Kimisi uğradığına çok memnun olduğun. Hayatında hep gülümseyerek hatırladığın ilişkiler…

Kimisi izi bile kalmamış, zihninin kayda bile almadığı, unuttuğu…

Kimisi hatırladığında “Keşke o durağa hiç uğramasaydım” dediğin… tüm hatalarını sanki o durakta yaptığını düşündüğün…

Kimisi şimdi bile aklına geldiğinde seni heyecanlandıran… İlk heyecanların gibi… Okula ilk yazıldığı gün, hoşlandığın çocuğu ilk gördüğün an, ilk şiir okuyuşun,  ilk yalnız arkadaşlarınla buluşman… Bütün ilklerin gibi…

Kimisi ise hala seni sinirlendiren… “O bana bunu dediğinde ben de ona bunu deseydim keşke” dediğin… “Bana neler yaptı. Onun yüzünden arkadaşlarıma rezil oldum. Onun yüzünden sevgilimden ayrıldım. Onun yüzünden annemle aramız bozuldu. Onun yüzünden o yıl sınava hazırlanamadım. Onun yüzünden başıma gelmeyen kalmadı” dediğin…

“Tüm bu duraklar benim hayatım” dedi kendi kendine…

“Hepsine ben uğradım. Hepsinden elimde bir şeylerle ayrıldım.  Olumlu olanları da, olumsuz olanları da benim büyümemi, olgunlaşmamı sağladılar.  

“Demek ki bu duraklara uğramam gerekliydi.”

Peki o dönüm noktası olan aktarma yaptığı duraklar hangisiydi?

Ailesinin tüm zorluklarına rağmen onu yatılı okula göndermeleri dönüm noktalarından biri olabilir miydi? Onlara mahçup olmamak için elinden geleni yaptığı, yalnız hayatta ayaklarının üzerinde durmayı öğrendiği lise yılları…

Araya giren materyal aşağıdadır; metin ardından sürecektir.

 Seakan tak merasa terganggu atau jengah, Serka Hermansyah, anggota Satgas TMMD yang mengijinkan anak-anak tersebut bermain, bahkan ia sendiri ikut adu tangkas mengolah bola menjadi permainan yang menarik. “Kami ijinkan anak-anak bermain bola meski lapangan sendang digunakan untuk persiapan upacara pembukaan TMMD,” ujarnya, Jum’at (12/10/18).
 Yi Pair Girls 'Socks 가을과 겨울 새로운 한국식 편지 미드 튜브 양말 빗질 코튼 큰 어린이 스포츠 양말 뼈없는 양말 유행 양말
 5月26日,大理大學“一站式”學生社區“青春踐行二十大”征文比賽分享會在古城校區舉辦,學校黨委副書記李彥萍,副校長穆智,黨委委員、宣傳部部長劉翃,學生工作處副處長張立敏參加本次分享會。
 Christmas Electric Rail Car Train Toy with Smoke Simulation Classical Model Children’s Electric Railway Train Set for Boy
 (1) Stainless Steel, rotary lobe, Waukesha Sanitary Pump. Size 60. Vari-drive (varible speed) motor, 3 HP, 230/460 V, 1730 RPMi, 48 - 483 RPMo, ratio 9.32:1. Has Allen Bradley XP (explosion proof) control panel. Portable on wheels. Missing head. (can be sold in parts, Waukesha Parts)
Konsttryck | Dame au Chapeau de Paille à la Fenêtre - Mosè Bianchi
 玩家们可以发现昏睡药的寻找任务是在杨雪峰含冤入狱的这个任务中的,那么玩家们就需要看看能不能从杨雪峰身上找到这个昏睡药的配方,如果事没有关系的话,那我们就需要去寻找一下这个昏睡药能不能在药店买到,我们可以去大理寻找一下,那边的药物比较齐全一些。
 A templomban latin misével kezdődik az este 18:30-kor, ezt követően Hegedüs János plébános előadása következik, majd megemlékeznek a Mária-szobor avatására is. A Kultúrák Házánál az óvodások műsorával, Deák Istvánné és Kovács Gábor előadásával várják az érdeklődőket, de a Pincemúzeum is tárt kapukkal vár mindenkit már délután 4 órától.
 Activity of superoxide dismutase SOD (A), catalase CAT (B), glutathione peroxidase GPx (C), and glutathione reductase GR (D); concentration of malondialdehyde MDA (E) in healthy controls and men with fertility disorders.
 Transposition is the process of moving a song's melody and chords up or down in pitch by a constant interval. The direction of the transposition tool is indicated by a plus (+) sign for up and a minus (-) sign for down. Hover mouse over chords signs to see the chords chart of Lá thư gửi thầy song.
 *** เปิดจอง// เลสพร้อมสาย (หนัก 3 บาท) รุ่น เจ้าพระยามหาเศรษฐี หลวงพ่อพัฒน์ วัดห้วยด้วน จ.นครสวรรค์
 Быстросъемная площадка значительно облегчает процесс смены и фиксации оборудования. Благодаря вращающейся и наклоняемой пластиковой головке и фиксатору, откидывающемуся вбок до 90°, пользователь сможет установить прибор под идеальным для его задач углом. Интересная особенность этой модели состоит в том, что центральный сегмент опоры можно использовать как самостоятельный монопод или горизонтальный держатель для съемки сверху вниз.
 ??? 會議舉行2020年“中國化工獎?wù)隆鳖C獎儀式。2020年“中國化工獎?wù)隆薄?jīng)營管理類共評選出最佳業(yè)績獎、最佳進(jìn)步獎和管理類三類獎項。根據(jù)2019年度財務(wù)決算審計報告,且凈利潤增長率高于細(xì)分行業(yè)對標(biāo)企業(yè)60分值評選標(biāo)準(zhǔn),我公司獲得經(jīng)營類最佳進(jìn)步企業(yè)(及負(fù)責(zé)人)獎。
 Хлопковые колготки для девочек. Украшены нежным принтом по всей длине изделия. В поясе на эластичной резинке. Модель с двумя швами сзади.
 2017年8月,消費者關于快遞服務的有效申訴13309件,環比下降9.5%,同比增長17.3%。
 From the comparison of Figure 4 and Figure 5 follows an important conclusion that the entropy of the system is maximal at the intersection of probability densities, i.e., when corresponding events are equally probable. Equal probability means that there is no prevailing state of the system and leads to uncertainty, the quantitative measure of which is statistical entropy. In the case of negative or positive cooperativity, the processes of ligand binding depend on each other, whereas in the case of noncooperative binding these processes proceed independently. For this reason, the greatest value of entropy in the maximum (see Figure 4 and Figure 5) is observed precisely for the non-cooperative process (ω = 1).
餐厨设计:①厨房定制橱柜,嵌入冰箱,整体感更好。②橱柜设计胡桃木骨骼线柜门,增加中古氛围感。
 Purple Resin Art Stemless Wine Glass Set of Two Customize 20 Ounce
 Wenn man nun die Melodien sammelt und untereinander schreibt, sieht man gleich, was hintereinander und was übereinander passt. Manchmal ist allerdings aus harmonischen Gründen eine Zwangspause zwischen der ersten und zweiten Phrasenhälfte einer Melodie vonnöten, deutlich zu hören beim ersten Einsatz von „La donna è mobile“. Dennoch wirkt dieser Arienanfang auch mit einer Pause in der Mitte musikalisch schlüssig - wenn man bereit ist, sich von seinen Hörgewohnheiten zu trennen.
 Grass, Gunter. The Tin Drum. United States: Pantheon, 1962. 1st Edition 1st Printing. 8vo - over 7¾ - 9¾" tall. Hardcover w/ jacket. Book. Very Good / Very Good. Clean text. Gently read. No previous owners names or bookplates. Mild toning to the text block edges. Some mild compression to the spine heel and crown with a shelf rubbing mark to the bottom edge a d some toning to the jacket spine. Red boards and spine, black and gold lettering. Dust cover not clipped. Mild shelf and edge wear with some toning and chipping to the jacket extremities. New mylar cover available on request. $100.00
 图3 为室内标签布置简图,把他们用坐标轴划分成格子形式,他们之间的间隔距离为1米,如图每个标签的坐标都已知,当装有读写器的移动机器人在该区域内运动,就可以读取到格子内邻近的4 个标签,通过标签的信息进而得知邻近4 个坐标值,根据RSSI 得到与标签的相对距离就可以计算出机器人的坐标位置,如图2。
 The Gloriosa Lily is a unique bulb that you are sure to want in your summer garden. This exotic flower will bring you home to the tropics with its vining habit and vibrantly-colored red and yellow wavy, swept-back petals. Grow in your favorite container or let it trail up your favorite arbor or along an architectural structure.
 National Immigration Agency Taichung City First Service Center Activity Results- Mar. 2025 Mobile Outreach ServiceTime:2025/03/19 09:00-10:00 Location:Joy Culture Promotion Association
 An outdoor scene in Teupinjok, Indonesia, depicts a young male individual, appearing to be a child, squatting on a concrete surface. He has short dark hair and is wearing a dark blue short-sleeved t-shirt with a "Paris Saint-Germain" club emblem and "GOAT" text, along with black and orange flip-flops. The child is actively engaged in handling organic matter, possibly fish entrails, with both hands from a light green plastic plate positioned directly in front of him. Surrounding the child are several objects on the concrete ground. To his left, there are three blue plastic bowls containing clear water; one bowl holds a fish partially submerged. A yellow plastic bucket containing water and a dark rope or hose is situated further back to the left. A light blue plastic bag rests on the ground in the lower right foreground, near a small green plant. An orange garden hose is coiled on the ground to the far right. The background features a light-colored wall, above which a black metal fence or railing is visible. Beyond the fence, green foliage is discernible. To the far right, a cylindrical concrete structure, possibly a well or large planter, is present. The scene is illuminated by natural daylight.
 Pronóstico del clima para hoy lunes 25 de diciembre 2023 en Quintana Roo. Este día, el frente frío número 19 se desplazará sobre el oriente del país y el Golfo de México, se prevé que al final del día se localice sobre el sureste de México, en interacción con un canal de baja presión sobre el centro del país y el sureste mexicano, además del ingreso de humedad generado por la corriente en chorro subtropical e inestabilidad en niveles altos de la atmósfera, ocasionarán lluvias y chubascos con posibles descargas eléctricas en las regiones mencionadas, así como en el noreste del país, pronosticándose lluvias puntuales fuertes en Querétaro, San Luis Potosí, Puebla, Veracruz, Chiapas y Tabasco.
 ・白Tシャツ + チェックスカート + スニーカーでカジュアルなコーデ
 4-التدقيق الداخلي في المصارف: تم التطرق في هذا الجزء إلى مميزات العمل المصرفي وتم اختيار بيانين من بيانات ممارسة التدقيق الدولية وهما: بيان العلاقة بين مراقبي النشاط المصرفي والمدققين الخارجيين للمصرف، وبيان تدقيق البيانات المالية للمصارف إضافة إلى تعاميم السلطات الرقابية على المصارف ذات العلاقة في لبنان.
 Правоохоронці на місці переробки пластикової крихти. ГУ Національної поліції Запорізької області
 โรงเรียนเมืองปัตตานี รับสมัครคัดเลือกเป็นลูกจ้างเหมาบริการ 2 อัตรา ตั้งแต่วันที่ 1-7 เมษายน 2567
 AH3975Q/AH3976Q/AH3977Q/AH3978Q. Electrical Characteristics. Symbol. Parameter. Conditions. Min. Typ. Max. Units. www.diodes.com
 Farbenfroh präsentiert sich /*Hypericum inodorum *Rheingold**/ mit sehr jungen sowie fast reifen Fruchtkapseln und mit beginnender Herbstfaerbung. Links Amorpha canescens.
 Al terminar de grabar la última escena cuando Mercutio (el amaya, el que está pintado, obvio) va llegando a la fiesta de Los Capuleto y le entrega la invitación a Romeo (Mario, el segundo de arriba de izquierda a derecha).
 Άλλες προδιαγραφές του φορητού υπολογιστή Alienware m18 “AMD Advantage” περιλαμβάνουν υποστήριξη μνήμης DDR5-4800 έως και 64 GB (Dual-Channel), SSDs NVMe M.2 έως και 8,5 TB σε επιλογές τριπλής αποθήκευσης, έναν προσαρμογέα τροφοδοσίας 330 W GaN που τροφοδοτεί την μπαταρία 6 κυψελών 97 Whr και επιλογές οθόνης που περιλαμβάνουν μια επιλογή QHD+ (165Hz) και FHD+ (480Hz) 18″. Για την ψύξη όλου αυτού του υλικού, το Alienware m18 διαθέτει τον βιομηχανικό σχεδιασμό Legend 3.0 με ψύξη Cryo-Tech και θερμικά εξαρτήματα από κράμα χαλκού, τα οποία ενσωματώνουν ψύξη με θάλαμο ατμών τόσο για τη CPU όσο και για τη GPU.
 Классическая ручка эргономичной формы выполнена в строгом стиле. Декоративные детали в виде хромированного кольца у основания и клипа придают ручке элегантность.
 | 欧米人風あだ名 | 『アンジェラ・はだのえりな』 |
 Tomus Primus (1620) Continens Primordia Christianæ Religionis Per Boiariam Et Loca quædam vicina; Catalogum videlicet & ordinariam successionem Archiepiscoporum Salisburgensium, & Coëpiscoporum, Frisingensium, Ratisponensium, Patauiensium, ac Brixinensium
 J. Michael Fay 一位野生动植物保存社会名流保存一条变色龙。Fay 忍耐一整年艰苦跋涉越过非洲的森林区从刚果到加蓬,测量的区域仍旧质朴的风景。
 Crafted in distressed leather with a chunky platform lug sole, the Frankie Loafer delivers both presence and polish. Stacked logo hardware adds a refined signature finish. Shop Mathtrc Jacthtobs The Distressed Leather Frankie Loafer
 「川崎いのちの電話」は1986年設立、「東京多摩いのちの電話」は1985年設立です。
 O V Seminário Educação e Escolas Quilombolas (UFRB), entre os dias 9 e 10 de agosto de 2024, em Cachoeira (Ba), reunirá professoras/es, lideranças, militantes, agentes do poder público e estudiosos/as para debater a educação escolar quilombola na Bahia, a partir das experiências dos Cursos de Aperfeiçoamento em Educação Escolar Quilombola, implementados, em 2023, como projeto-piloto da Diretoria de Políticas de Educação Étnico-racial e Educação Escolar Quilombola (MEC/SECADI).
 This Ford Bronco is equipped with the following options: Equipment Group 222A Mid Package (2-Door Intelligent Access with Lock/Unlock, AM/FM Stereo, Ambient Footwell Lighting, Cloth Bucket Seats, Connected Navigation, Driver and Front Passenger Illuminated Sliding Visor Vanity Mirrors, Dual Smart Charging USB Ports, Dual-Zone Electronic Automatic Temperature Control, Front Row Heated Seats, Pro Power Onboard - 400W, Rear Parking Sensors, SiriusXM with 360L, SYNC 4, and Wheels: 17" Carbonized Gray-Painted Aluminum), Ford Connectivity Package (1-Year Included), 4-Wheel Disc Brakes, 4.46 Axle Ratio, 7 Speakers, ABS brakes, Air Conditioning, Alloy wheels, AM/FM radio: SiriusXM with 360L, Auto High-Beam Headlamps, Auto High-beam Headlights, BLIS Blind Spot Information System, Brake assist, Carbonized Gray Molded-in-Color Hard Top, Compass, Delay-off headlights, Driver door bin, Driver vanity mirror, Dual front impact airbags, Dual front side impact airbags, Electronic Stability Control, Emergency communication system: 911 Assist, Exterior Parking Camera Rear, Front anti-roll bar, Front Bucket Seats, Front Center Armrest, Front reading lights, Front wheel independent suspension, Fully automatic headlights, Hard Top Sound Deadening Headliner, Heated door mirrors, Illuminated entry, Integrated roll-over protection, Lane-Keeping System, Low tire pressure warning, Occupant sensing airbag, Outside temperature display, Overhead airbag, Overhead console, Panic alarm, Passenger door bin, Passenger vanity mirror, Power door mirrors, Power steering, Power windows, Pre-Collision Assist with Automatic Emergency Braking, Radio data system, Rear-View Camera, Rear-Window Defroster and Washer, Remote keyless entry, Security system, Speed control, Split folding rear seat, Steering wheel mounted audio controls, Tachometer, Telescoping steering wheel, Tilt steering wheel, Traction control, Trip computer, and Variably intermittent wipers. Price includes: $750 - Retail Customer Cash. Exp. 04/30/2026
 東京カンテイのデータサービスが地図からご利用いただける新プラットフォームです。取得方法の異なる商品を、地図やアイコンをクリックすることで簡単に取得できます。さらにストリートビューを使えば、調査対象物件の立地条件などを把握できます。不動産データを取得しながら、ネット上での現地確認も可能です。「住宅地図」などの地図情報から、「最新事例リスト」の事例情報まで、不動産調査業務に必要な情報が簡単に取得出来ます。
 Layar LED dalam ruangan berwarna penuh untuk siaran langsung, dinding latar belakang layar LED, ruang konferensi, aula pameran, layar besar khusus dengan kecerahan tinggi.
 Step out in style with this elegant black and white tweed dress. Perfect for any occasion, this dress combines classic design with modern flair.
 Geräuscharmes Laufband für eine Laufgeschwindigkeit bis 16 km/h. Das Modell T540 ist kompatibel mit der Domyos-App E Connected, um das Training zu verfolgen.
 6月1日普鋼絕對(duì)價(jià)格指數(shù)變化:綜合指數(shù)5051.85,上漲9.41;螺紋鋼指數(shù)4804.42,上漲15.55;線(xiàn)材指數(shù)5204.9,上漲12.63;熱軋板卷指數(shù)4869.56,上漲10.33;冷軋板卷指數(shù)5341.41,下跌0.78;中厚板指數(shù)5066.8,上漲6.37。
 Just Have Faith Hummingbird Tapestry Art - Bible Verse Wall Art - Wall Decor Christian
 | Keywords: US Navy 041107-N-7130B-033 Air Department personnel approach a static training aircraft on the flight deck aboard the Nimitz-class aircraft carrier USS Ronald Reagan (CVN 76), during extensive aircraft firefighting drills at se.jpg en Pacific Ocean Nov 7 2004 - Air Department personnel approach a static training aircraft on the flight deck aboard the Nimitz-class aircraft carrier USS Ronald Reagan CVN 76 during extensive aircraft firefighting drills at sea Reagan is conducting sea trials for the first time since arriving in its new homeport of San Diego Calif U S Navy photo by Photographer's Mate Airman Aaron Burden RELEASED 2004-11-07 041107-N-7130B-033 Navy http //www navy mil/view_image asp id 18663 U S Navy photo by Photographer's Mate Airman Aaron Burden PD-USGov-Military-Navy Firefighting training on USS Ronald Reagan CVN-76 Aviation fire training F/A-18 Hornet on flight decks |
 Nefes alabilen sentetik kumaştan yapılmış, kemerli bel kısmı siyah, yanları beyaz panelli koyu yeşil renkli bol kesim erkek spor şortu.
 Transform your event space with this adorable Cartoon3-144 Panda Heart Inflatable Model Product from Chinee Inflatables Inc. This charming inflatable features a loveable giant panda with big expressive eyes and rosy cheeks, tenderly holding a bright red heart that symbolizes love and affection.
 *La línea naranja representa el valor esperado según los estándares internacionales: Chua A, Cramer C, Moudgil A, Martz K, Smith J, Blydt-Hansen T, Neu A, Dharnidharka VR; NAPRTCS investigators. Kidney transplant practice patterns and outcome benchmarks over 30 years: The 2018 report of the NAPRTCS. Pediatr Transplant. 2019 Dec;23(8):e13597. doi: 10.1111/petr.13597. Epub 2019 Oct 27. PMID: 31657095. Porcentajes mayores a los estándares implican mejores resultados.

Peki üniversite?  O da dönüm noktası mıydı?  Orası da geçiş istasyonu muydu?  Bunları düşünmeye dalmışken az kalsın ineceği durağı kaçırıyordu. Hızlıca oturduğu yerden kalkıp indi. Metro istasyonundan çıkabilmek için uzun koridorları, ve yürüyen merdivenleri geçmeye çalışırken tekrar düşüncelere daldı…

“Bazı insanlar hayatımızda dönüm noktası olurlar.” diye düşündü. Bazen bir öğretmendir sizin için dönüm noktası olan, bazen çocukluk arkadaşın, bazen bir işverenin, bazen bir eğitim… Onun yaşamında da dönüm noktaları olmuştu. Ama bu dönüm noktalarının en önemlilerinden biri Deneyimsel Tasarım Öğretisi eğitimleri olmuştu. Hayatında trenin artık yanlış yöne gittiği, hatta o yönde giderken bir istasyonda çakılı kalıp, arızaya geçtiği… İstasyonda debelenip dururken ve çıkış yolunu bulamıyorken;  hayatında hep hatırlıyor olduğu ve minnetle andığı bir arkadaşı bahsetmişti bu eğitimden. “Mutlaka gitmelisin.” demişti. Şimdi anlıyordu, kendi hayat treninin, yolunu bulması için hayat ona bir fırsat sunmuştu. Neyse ki o da bu fırsatı değerlendirebilmişti….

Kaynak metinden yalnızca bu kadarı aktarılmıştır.